Adelaide captain Chelsea Randall is now a four-time AFLW Players’ Most Courageous Award, proudly supported by Our Watch, winner after claiming the coveted title for the 2021 season. Partner and teammate, MJ Rajčić, wrote a piece for aflplayers.com.au on the valiant Crows leader.
Chelsea Randall is one of the most selfless people I have ever met.
She wears her heart on her sleeve and she would do anything for any one of us; she genuinely cares about each and every one of her teammates.
She is innately brave, with a hunger for the spectacular.
If the ball is in the air, she’ll fly for it and make it hers. If it’s at the bottom of the pack, she’ll charge in there, rip it out and play on. She always wants to keep fighting, and that’s just who she is.
Before the AFLW’s inception, she lived in Newman, Western Australia, from which she regularly made the 13-hour long trek to Perth, play footy, then drive back.
But she was undaunted, because not even a 26-hour round trip behind the wheel could obstruct her glowing passion for women’s football.
When she was playing at Safety Bay Stingers, sometimes they would only have six or seven girls at training, so whenever someone new came in, she went out of her way to ensure they came back.
Eventually, those numbers grew to 24, 25 and beyond.

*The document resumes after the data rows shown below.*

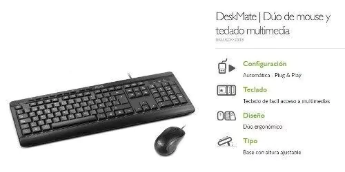 DeskMate | Dúo de mouse y teclado multimedia SKU:KCK-251S ANTSIG • Configuración Automática - Plug & Play • Teclado Teclado de facil acceso a multimedias • Diseño Dúo ergonómico • Tipo Base con altura ajustable La forma original de complementar tu universo digital Complementa tu laptop o PC con este estilizado y moderno dúo de mouse y teclado. Dotado con nueve teclas de activación instantánea, el teclado te permite tener acceso a películas, música, presentaciones de diapositivas, juegos o navegar por el internet con tan sólo pulsar un botón. El diseño ergonómico de las teclas es suave al tacto, el cual ofrece además una digitación más uniforme y precisa que los botones de un dispositivo convencional. El mouse del dúo, equipado con un sensor de alta definición, se desliza con toda suavidad prácticamente sobre cualquier superficie, mientras que su diseño ambidextro permite utilizarlo con toda comodidad en cualquiera de las dos manos. • Mouse y teclado multimedia con configuración automática • Diseño contemporáneo, estilizado y funcional • Teclas de acceso instantáneo a aplicaciones de correo electrónico y de navegación por la web • Las patas traseras permiten inclinar el teclado a la altura adecuada • El mouse ambidiestro ofrece una sujeción cómoda y un desplazamiento fluido del cursor Teclado • Tipo: Teclado de tamaño natural en español con cable • Interfaz: USB • Número de controles: 105 teclas estándar, más 9 botones multimedia • Controles multimedia: Pista anterior, Bajar volumen, Enmudecimiento, Reproducción/Pausa, Detener Subir volumen, Pista siguiente, Página principal y correo electrónico • Indicadores: Bloqueo numérico, de mayúscula y desplazamiento Mouse • Tipo: Mouse 3D de tres botones con cable • Tecnología: Sensor óptico • Resolución CPI: 1000dpi • Interfaz: USB Información adicional • Requisitos del sistema: Familia Windows • Dimensiones del teclado: 44,8x16,9x23,34cm • Longitud del cable: 140cm • Peso del teclado: 575,1g • Dimensiones del mouse: 11,3x6,28x3,82cm • Longitud del cable: 125cm __________________________________________________________________ dotPix Store Rosario • SE ENTREGA EN ROSARIO Y ZONA - (SIN CARGO en zona centro determinados días previa coordinación, o cualquier otro día y zona mediante comisionista a tu cargo) También podés retirar por nuestro local en Arroyo Seco (Desde Rosario por AU9 o por Ruta 21 - Colectivos: M Azul, M Verde, Línea A (x Ruta 21). • ADEMÁS: ¡ENVÍOS A TODO EL PAÍS POR MERCADOENVÍOS! • Consultá costo en esta misma publicación colocando tu código postal y el tipo de envío. • Más de 5 años vendiendo en el sitio con excelentes calificaciones • Consultá stock/color disponible previamente a comprar • Consultanos, sacate todas tus dudas y te responderemos lo antes posible. ¡Tu pregunta no molesta!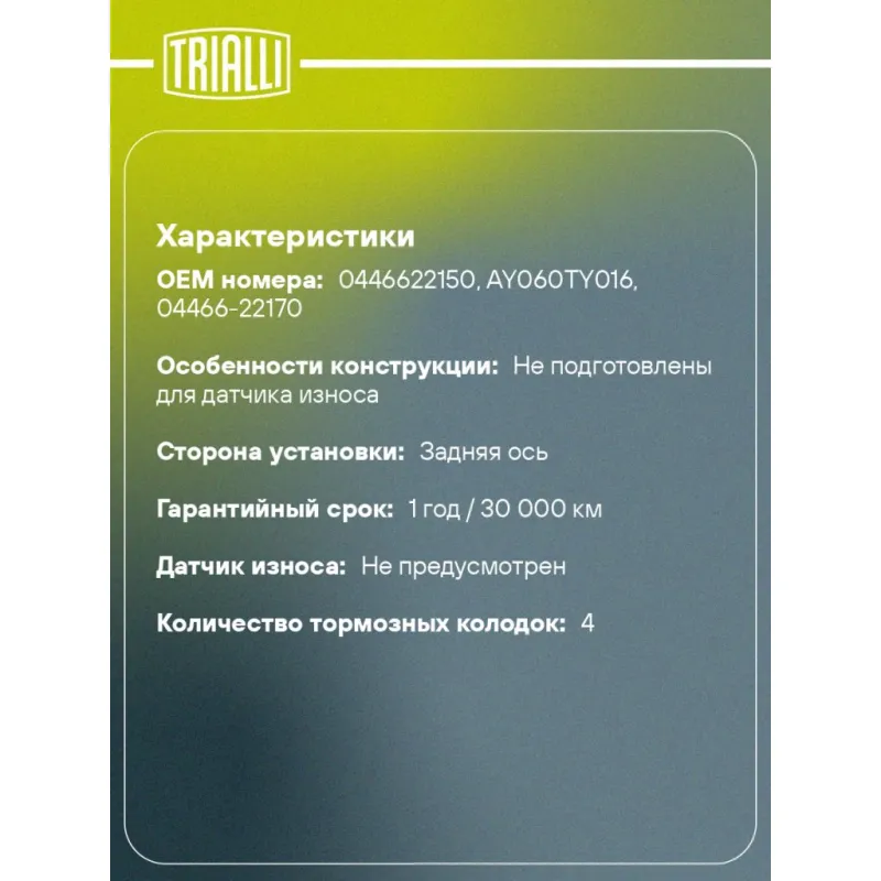 | Датчик износа | Не предусмотрен |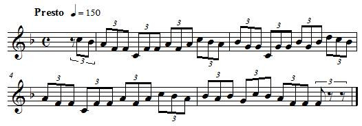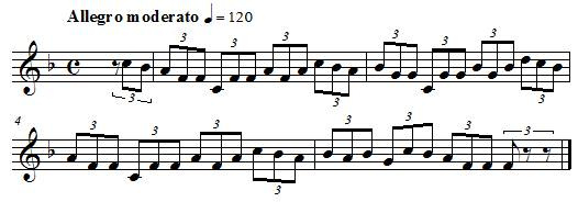 Voici la même mélodie avec deux tempi différents, l'une à 120 pulsations par minute et l'autre à 150 pulsations par minute :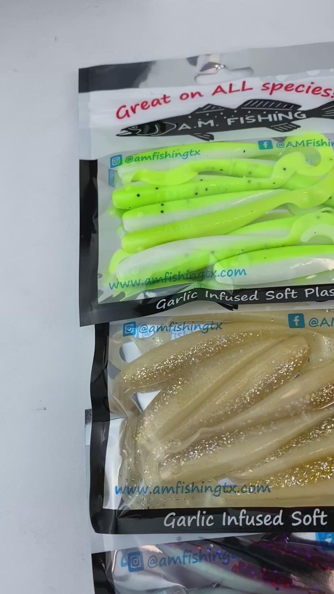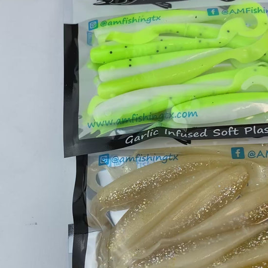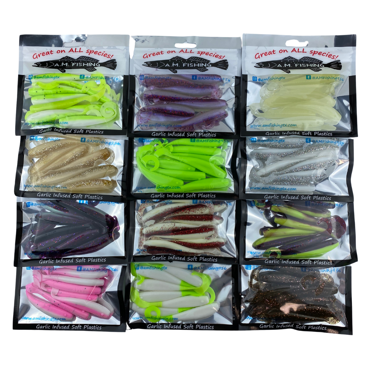 We sell 4 sizes in our curly tail jerkshads, 3", 4", 5.5" & 7"

Her welcoming, caring nature is something she developed from a young age, and has played a role in growing the game.
I can still recall rocking up to a Crows testing day in 2016 without knowing any of the other players there.
I was so nervous.
“If the ball is in the air, she’ll fly for it and make it hers. If it’s at the bottom of the pack, she’ll charge in there, rip it out and play on.”
At the time, I had no idea she was the marquee signing, but Chelsea was one of the first people to introduce herself.

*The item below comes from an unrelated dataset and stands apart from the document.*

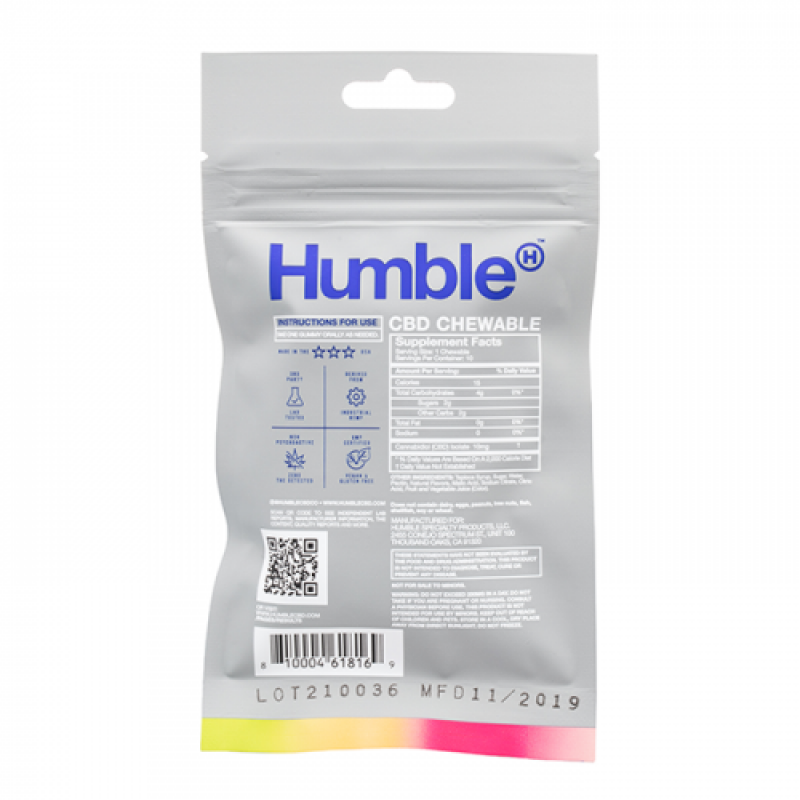 Humble CBD ChewablesBrand:Humble CBDUnit: setType:CBD EdiblesNet Weight: 55(g)The combined shipping cost will be calculated automatically by the system after you choose the shipping destination in the checkout step.Humble CBD Chewables INTRODUCTIONHumble CBD Chewables contains pure CBD without the additional cannabinoid or terpenes, which is isolated CBD and THC free. It provides access to both ra..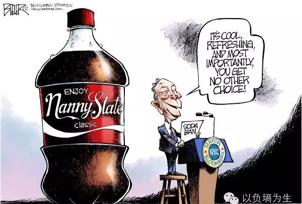 一张讽刺纽约市苏打水禁令的漫画。图中纽约市长布隆伯格手拿苏打水禁令,说“这(个禁令)很酷,很清爽,而且最重要的是,你别无选择!”。背后的大可乐上面写“保姆国家(nanny state)”。整张漫画嘲讽的是政府公权力对人民行为自由的越界干涉,也反映了在针对肥胖症的公共卫生活动中面临的两难选择。(图片来自www.pinterest.com)

She had so much energy, and although she was just meeting everyone for the first time herself, she had already begun to introduce everyone to each other. She was introducing me to players she had met only two seconds before me!
Her anterior crucial ligament rupture at the end of 2019 was one major setback during AFLW, being forced to the sidelines killed her.
The rehab path is even lengthier and lonelier than that 13-hour drive down the desert highway, but she still wanted to do everything she could for the team.
She would come to the club early to do her rehab session, which meant she could be out on the training track while we were out there. You look at her now, though, and it’s as if she wasn’t even out for a day.
I’m so proud of her. I know she would be humbled and proud of this achievement, but it illustrates how well-recognised she is by her peers and how respected she is by her opposition.
She’s one the courageous players that we have ever seen in this game.